# I want a wind turbine, but am limited to 28' max height



## HiouchiDump (Sep 18, 2004)

I have a place near the Washington coast and the wind never stops blowing. The average wind speed is around 8MPH at roof level, but we get a few hours every afternoon where the wind predictably rises into the 15-20MPH range, and often much higher in the fall and winter.

So, I'd like to put a turbine or two in place to supplement my small solar set-up (it is a supplemental system on battery storage, not inter-tie). The problem is that code limits me to a total height of 28' and it is very unlikely I can get an exception.

As I understand it, this gives me two problems. Firstly, it limits me only to small turbines, which don't seem to have great reputations. Secondly, it puts the turbine at a height where it will experience more turbulence.

I would be happy if I could get even 20-25 watts out of the system on average (of course, more would be better). This would enable to me to charge batteries when there is no sun.

Is this realistic? If so, what turbines would you look at? The Air-X appears to be the only common turbine in the right size category, but almost everything I have read about it is negative.


----------



## tinknal (May 21, 2004)

Is this a zoning code, homeowners covenant, or what?


----------



## HiouchiDump (Sep 18, 2004)

It is a zoning restriction.


----------



## John Hill (May 12, 2002)

If you are faced with low height and turbulent wind I suggest looking at a vertical axis turbine. They dont care which direction the wind comes from and have a good capture area for their height.


----------



## 12vman (Feb 17, 2004)

I found this a while back and thought it was kinda neat. Maybe it'll give you a little food for thought..

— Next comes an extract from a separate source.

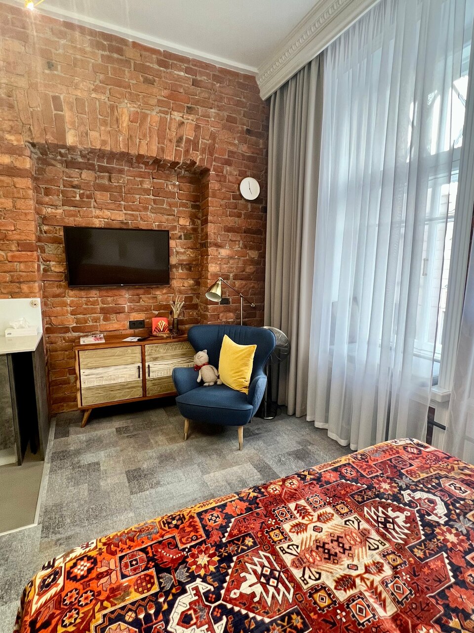 Отличный отель, мы размещались втроем, и номера подходят для этого идеально. 1)Чисто, уютно и есть все необходимое. Даже если вам чего-то не хватит, вам обязательно помогут. Интерьер очень стильный и приятный! Продумано все до мелочей. 2) Персонал удивительной вежливости. Всегда готовы помочь и подсказать! 3) Расположение максимально удобное, в шаговой доступности рестораны, магазины и туристический центр. Гостиница в знаменитом Довлатовском доме, памятник виден из окна. Кто-то писал про шум на улице, да Рубинштейна не самая спокойная ночная улица(вы же знали это и так),но если окна закрыты(а в номере есть кондиционер), то шум с улицы вас не побеспокоит ни на секунду. Безумно рады, что нашли это место и все следующие поездки будем останавливаться именно тут. Выше всяких похвал!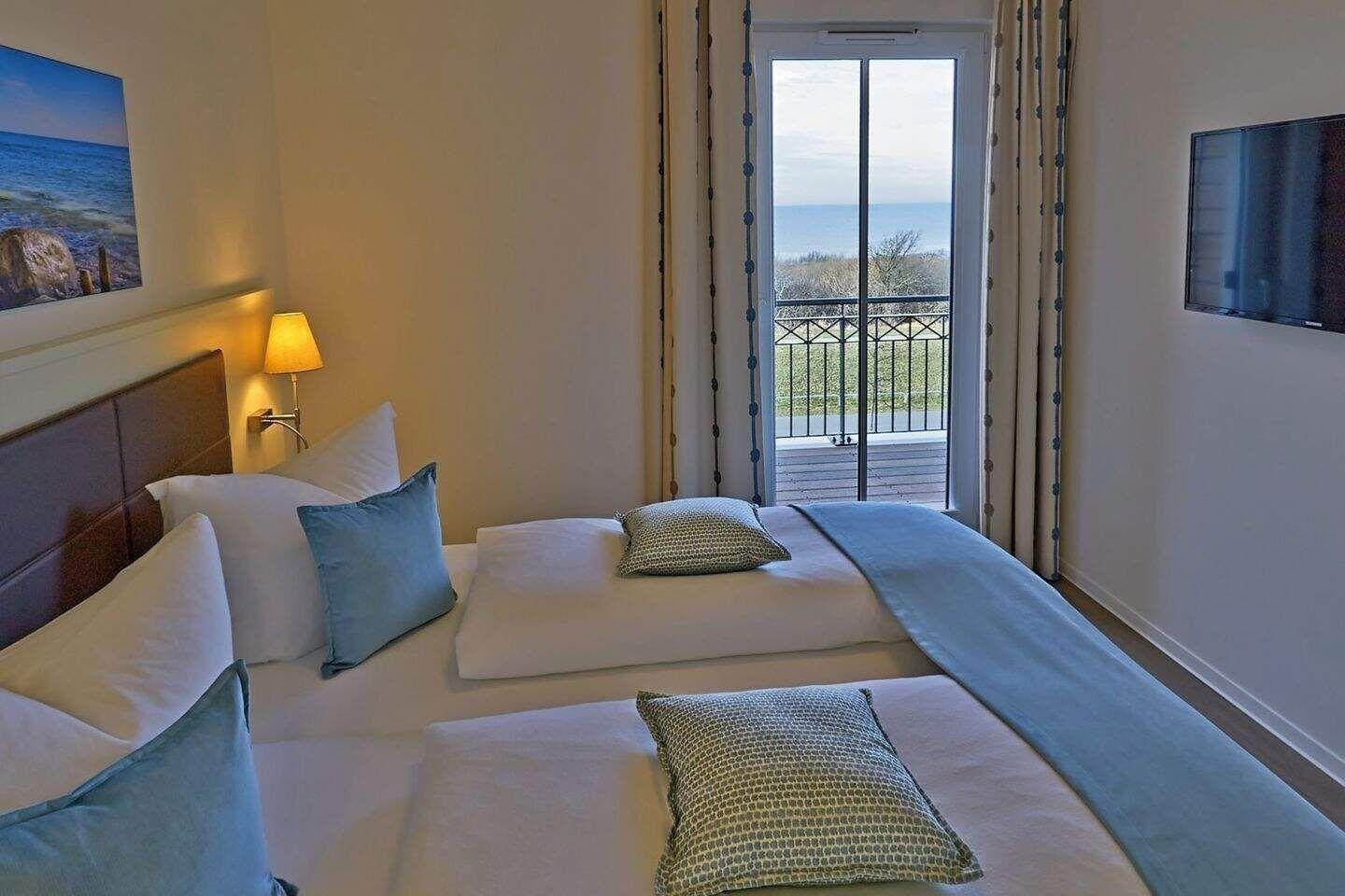 Die exklusive Suite bietet auf 49 m² viel Platz für bis zu 4 Personen. Der gemütliche Wohnbereich besitzt ein bequemes Sofa, welches sich mit wenigen Handgriffen zu einer Doppelschlafcouch (1,40m x 2,00m) umfunktionieren lässt, und sorgt mit einem Flatscreen-TV für reichlich Entertainment.

http://www.macarthurmusic.com/johnkwilson/MakingasimpleSavoniuswindturbine.htm


----------



## SolarGary (Sep 8, 2005)

Hi 12V,

I'm not sure what this says about the AIR's reliability, but here is a picture I took of an AIR on a short tower along the highway -- powering some pipeline equipment.

http://www.builditsolar.com/Projects/Wind/airfor12v.htm

The main complaint I have heard about the AIR's mounted to a house on a short tower is the noise they make.

Gary


----------



## Jim-mi (May 15, 2002)

Put some big effort into getting a variation from the zoning idiots.

I shure would not last long at a location with that kind of nonsense . . . . . .have you thought of moving . . .??

The air-x will disapoint you.


----------



## Dahc (Feb 14, 2006)

John Hill said:


> If you are faced with low height and turbulent wind I suggest looking at a vertical axis turbine. They dont care which direction the wind comes from and have a good capture area for their height.


I have posted about VAWT's here before and never got a rise out of anyone. A guy by the name of Ed Lens is working on a very nice setup now. It's called the Lens Turbine.










He has come along much further on it now and I believe he is about to begin selling them. This one can be mounted on a roof or multiple units can go on a short tower. This was last years model, this years looks even better. He's getting his voltages up nicely.

www.windstuffnow.com


----------



## MELOC (Sep 26, 2005)

i like that windstuffnow site.


----------



## OntarioMan (Feb 11, 2007)

28' measured from where? If you put a 28' tower on a 50' mound of dirt, would you be in violation?


----------



## sisterpine (May 9, 2004)

Realizing this is simply my two cents....we have an airx- it is not noisy in fact it makes a very pleasant whisshing sound in high winds. I figure if I get even half of the 400 watts touted it is worth the cost as it is equal to two 120 watt solar panels or less. I really like the idea of the wind gen. and wish I could afford a bigger one! sis


----------